I have been fortunate to share the story of my son Dan’s recovery from severe OCD with so many people. The fact that he is doing so well is concrete evidence that obsessive-compulsive disorder, no matter how severe, is indeed treatable, and it is gratifying to know that those who are suffering have found hope through our story.

When I connect with those who have either read about Dan’s journey or heard me speak about him the first question they often ask is “How is Dan now?”

I am so incredibly thankful that the answer continues to be, “He is doing very well.”

The next question is usually something such as, “Where is he? How come we never see him at these conferences/meetings/or other OCD events?”

Some time ago I wrote a post discussing whether “OCD advocacy” should be a responsibility of those who have recovered from severe OCD. Better than my post, I believe, are the comments from those who pointed out that advocacy comes in many ways, shapes, and forms. By continuing to do well, keeping his OCD at bay, and living his life to the fullest, Dan is giving hope to all those who suffer from OCD.

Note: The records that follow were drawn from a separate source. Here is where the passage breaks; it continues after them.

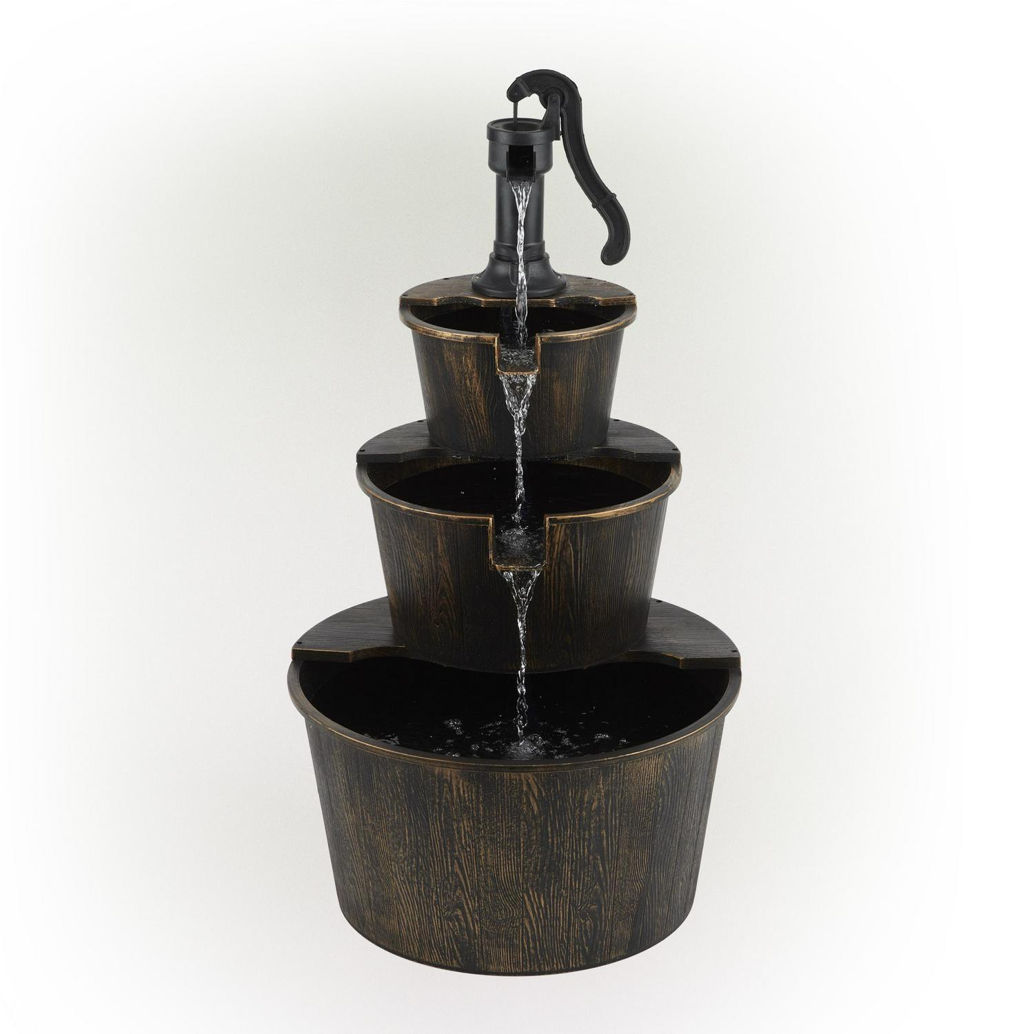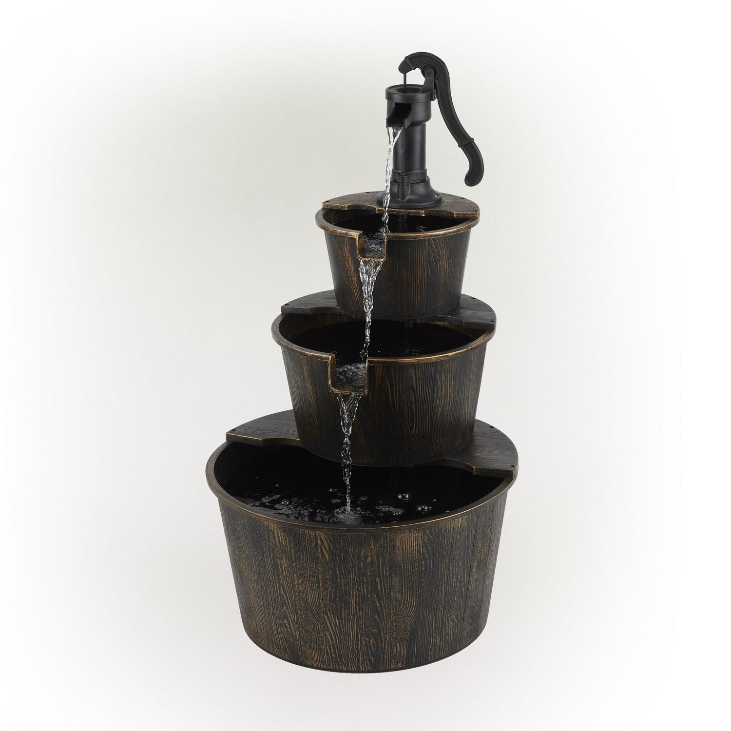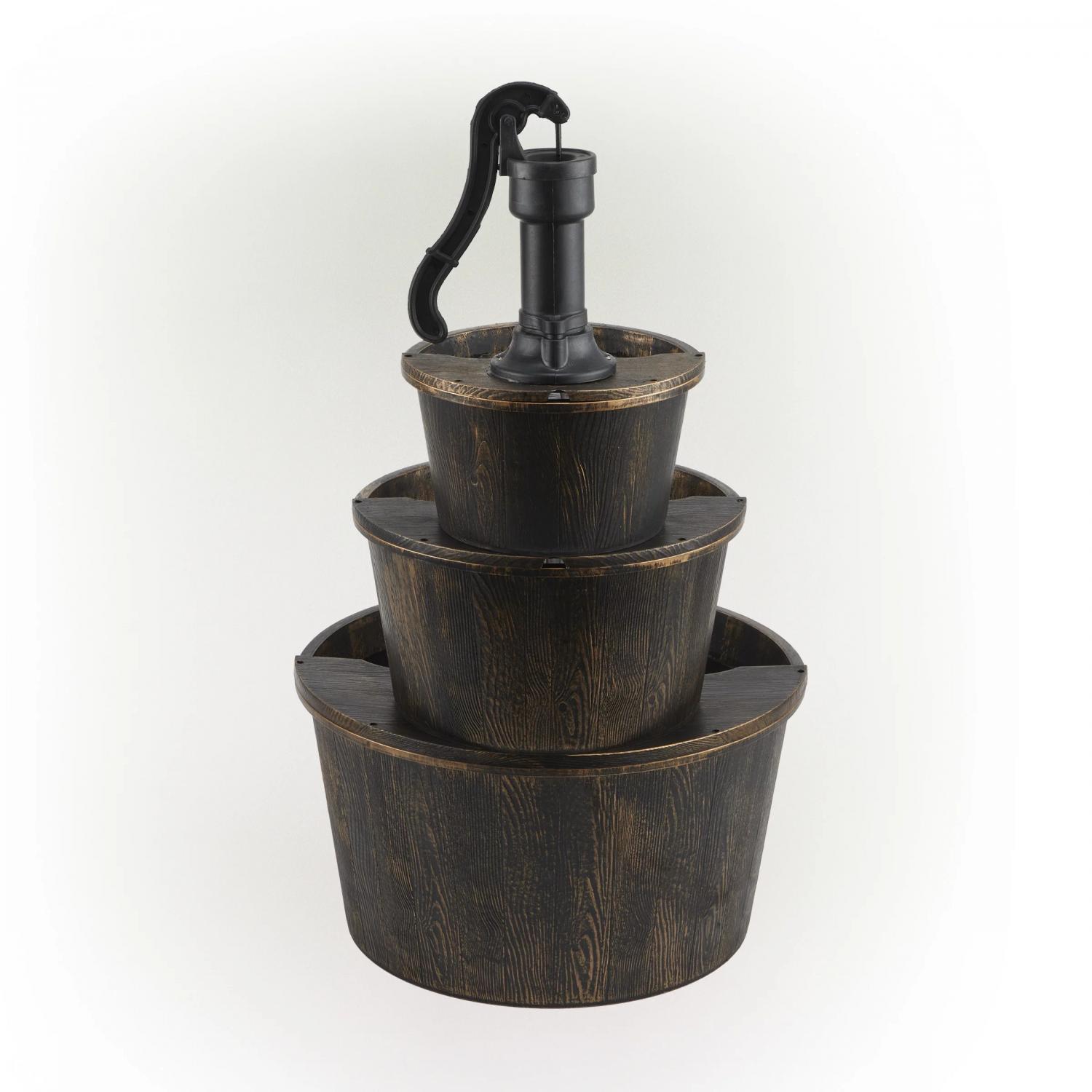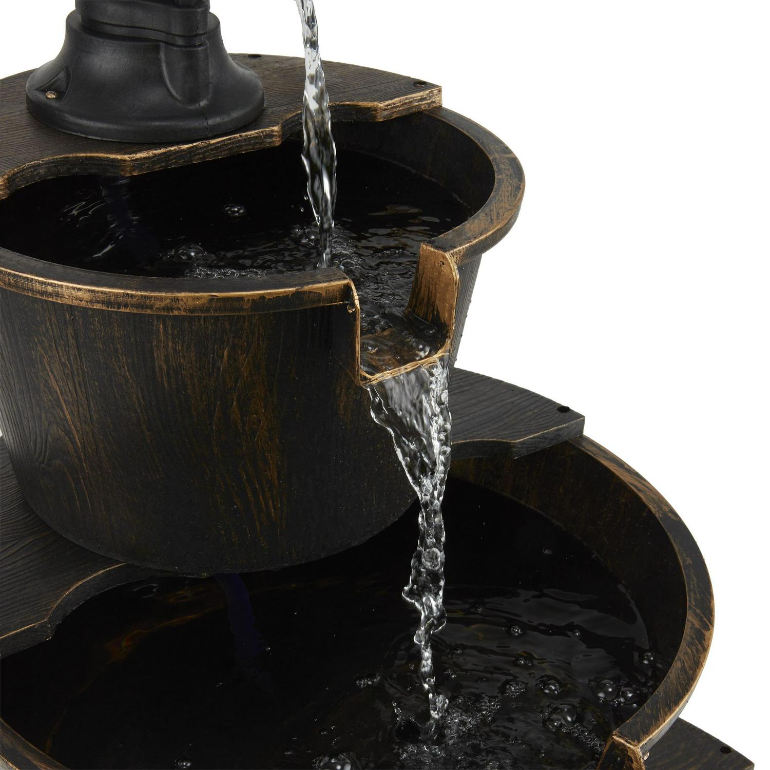 – Water trickles from the pump spout into the barrel tiers, adding peaceful ambiance to your outdoor setting
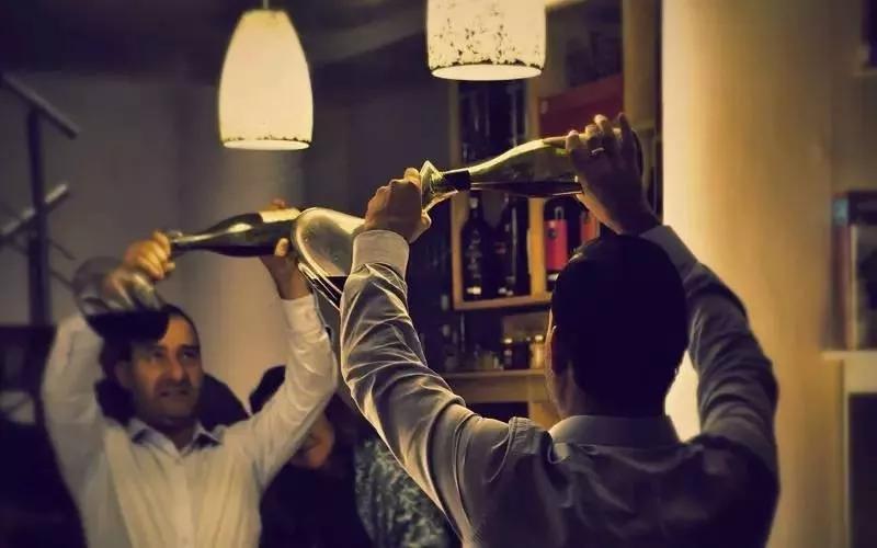 對(duì)于新酒而言,倒酒的速度不應(yīng)過慢,最好將酒液倒在瓶頸的位置,同時(shí)醒酒器和瓶口之間的角度不宜過大,這樣才能使酒液在醒酒器中形成旋流,增大了酒和氧氣的接觸面積,加速酒的“蘇醒”。
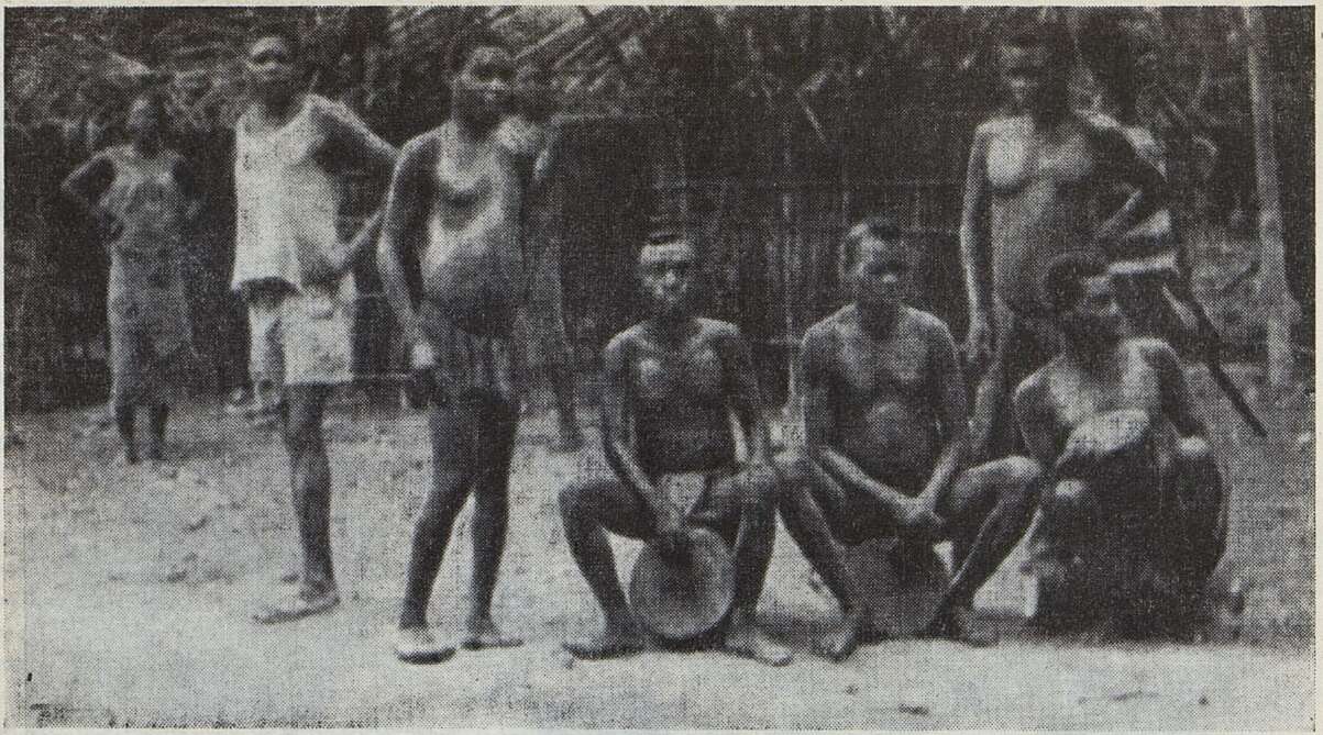 Постепенно со всех сторон стали появляться остальные жители селения. Все они небольшого роста, кожа — темнс-шоколадного цвета; бедра перевязаны тонкой веревочкой из травы, на которой держатся пучки свежих листьев. Никаких тканей, лишь на одном пигмее рваная майка и такие же рваные штаны, а на голове — остатки фетровой шляпы. Вероятно, он был навеселе. Очень много ребятишек. Самые маленькие — привязаны к телу матери. Начинается танец. Дробь тамтамов неумолчно прорезает тишину полуденного тропического лета, вызывая из чащи все новых и новых обитателей. Круг танцующих становится все шире. Возникает песня. Танец среди бела дня — исключительное событие. Это в честь приезда гостей. А может быть, потому что мы привезли с собой мешок соли: ведь соль — до сих пор самый драгоценный подарок для пигмеев, живущих всегда в отдалении от людей и почти не выходящих из леса. А гости бывают здесь, конечно, не так уж часто. И не удивительно: пигмеи — кочевники. Долго ли пробудут они на одном месте! Скоро они переменят стоянку, и кто знает, где их можно будет разыскать! Да и кто, собственно, будет этим заниматься!
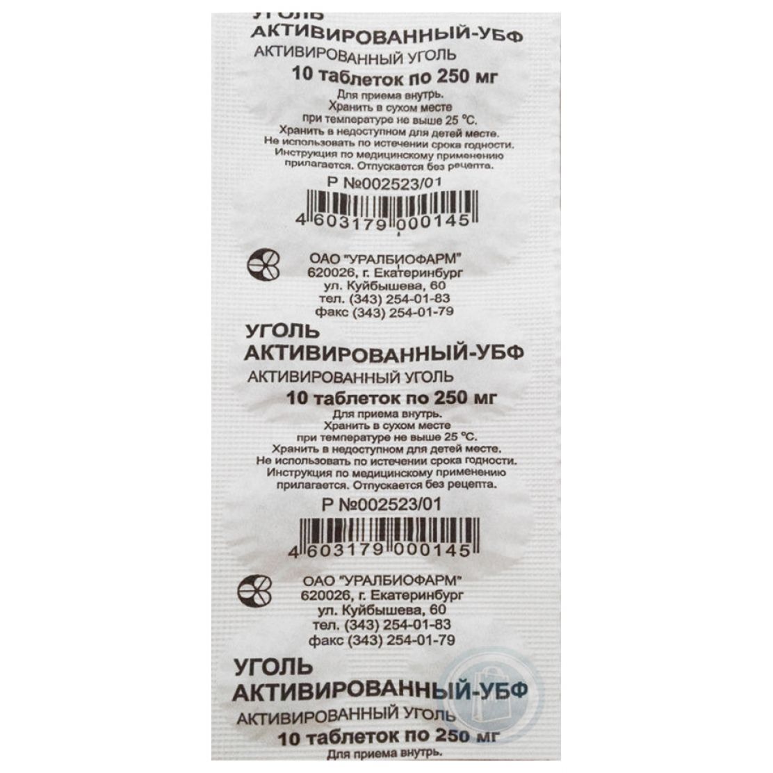 Уголь активированный таб. 250мг №50/Фармстандарт
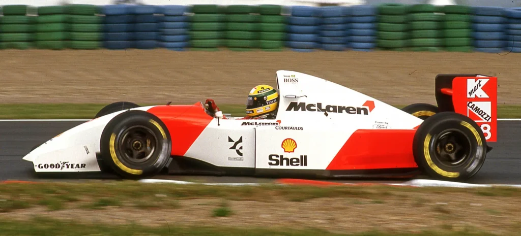 Ayrton Senna řídící svůj McLaren-Honda ve Formuli 1 během závodu, zachycený na okruhu, s jeho ikonickou žlutou helmou a červenobílým vozem.
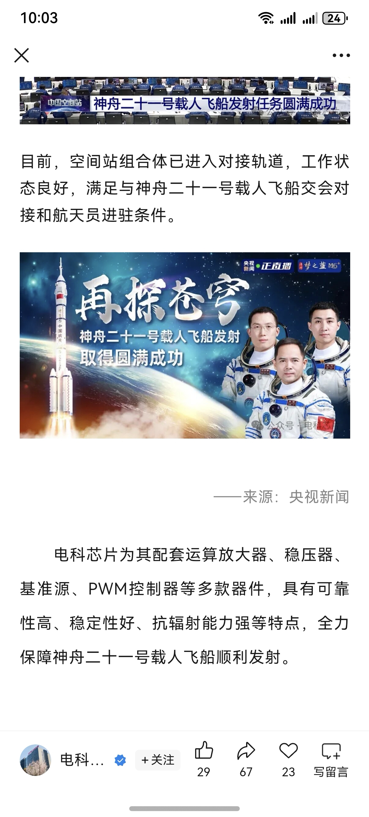$电科芯片(SH600877)$ 我是奔着宇宙空间站的配套来的,太空低轨卫星,月球基地争霸怎么都要国家队先上啊
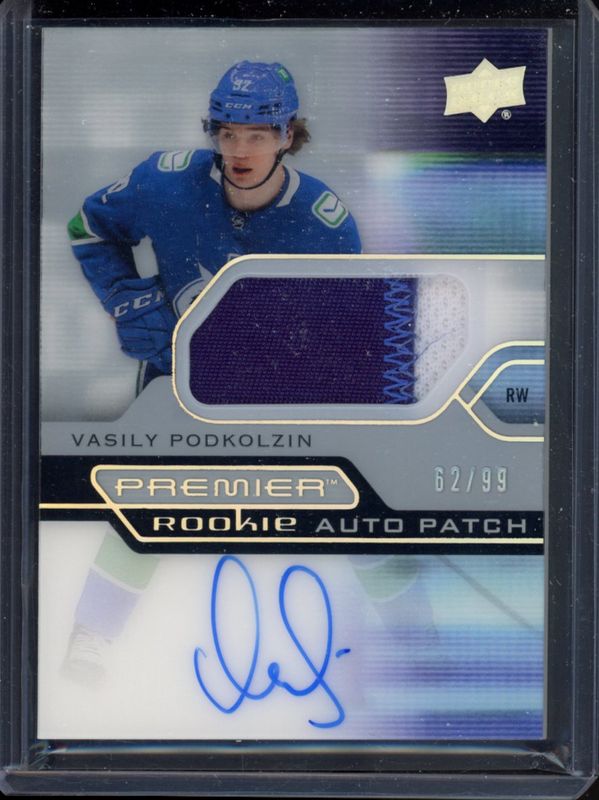 The Vasily Podkolzin 2021 Upper Deck Premier #AR-VP Acetate Rookie - Auto Patch /249 card is 1 of 33 Vasily Podkolzin's card variations in the 2021 Upper Deck Premier set being tracked by Sports Card Investor, including Base /399, Gold /199, Bronze /65, Purple /10, and Platinum /1.
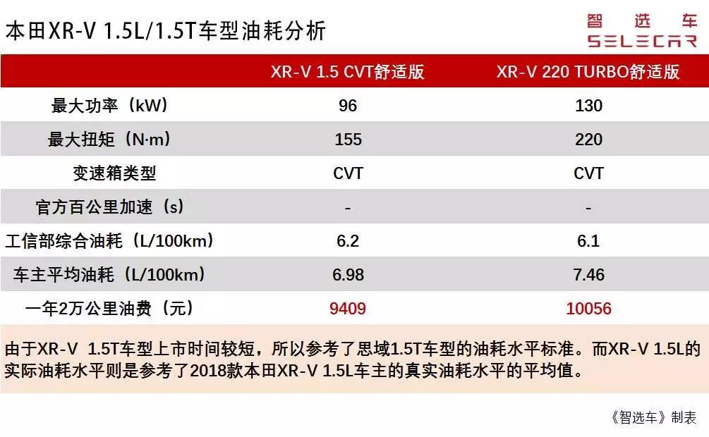 同时通过上面表格对比,综合判断,XR-V 1.5L车型与1.5T车型两者一年的油耗费用差距约为647元,差距小于1000元,这样的油耗差距并不大。
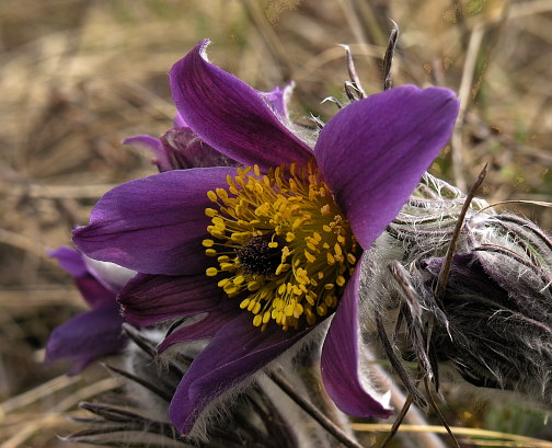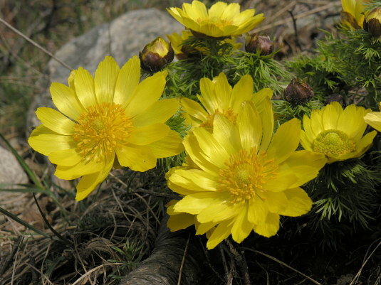 12.04.08: An steilen Hängen blühen schon die ersten Frühlings-Adonis_Röschen; viele Knospen sind noch unter dürrem Gras verborgen . Nur hier und im Unterwallis bei Saxon kann man sie finden . |

Maybe my son’s choice to not focus on his OCD any more than he needs to is one of the reasons he has learned to cope so well. As I have heard many people with  OCD say, “OCD is something I have, not something I am.” Dan has made a conscious effort to put his OCD on the back burner and focus wholeheartedly on living his life to the fullest. He has fought his way back from the brink of despair, and perhaps this fact fuels his resolve to leave OCD out of his life as much as he can.

But I’m not fooling myself. I know at some point Dan might not have a choice. While he might go years with mild obsessive-compulsive disorder, there’s still a chance it could flare up, at any time, with a vengeance. It could overtake him again. The bottom line is I don’t know what the future holds, and neither does Dan. Uncertainty. The word that those with OCD (and many of us without the disorder) hate. Nobody knows what will be.

For now, however, I will revel in the fact that Dan is doing well. I will continue to advocate for OCD awareness and proper treatment, and I will respect his decision to not want to make OCD a focal point of his life. Because after all, isn’t that the whole idea?